The Sangtam, like many other tribal groups in Northeast India practice jhum, or shifting cultivation. Unlike other Naga tribes in Nagaland, many of the Sangtam have retained their traditional beliefs, in spite of embracing Christianity at the same time. Sangtams celebrate twelve different festivals, in particular Mongmong, all of which are affiliated with their traditional culture and religion. The Sangtam wear a shawl on a black base that has four grey bands at the top and another four bands of the same colour at the bottom.
The Sumi Naga mainly inhabit the Zunheboto and Dimapur districts, although many have spread and are now living across Nagaland.
The Sumi were head hunters, like most Naga tribes. As with other western Naga tribes, the principal offensive weapons of the Sema are the spear and the machete; the cross-bow, originally perhaps borrowed from tribes further east, is also used.
Yimchunger are one of the major Naga tribes. The word Yimchunger means “the ones who have reached their place of choice.” The Yimchungers are believed to have migrated to present-day Nagaland from upper Burma in one wave. Strong ties to cultural identity in the form of their love and passion for agriculture are reflected in the hymns and beats of songs devoted to the craft. The musical instruments of the Yimchungers include simple log drums, trumpets and flutes, similar to that of the Angami. The traditional dress of the Yimchungers includes colourful cane headgear decorated with hair and bird feathers.
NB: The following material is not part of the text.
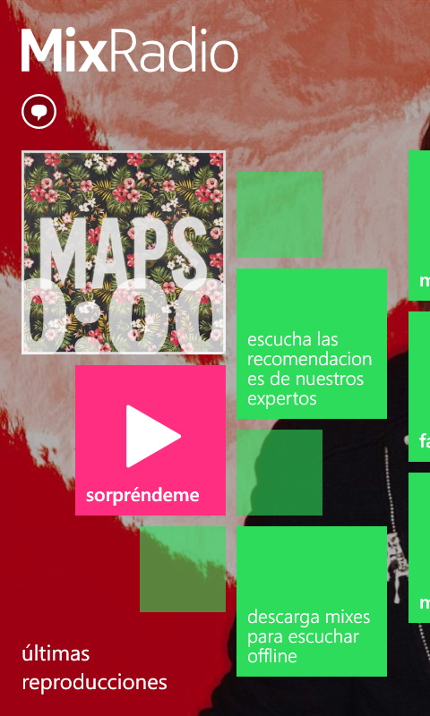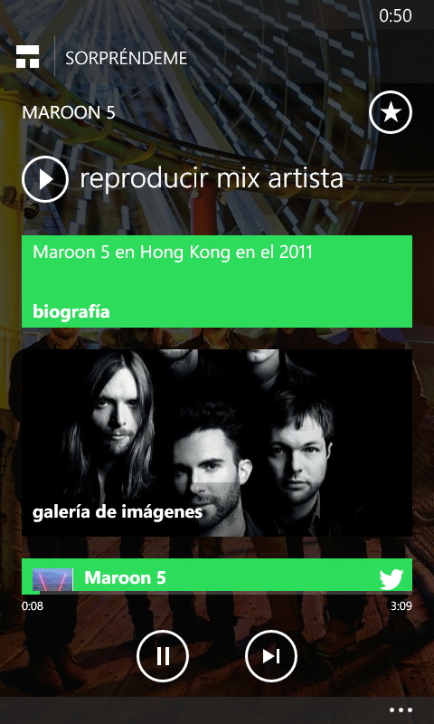 A la hora de reproducir música, MixRadio muestra información interesante sobre el artista que interpreta la canción, como su biografía, su último tweet, su próximo concierto y la lista de mezclas en las que aparece. Además nos permite iniciar una mezcla basada en ese artista con solo pulsar un botón.

The Yimchunger are one of the main contributors to the Hornbill Festival. Highlights of the festival include tribal dances across the many groups of the Naga region, so-called ‘spin top’ demonstrations by the Yimchunger, and folk songs. The Yimchunger shawl is in red and black with narrow grey bands at the two edges and is mainly worn by warriors of great renown.
The Zeme Naga, like many other Nagas, are traditionally self-sufficient at their village level. Their organizational unity is based upon the village, which is socially, economically and politically self-sufficient. Dancing and playing musical instruments are a major part of culture in the Zeme Naga. The boys and girls are housed in separate youth dormitories but come and congregate in the central part of village to perform for the elders.
The Zeme Nagas are animist and they believe in the existence of one supreme God and eight other gods who are associated with health, water and so on. They also believe in witchcraft and black magic. Though a small section of the Zeme have been converted to Christianity, the larger section still honour their traditional festivals connected with agricultural activities and other social institutions. They celebrate six important festivals during the year.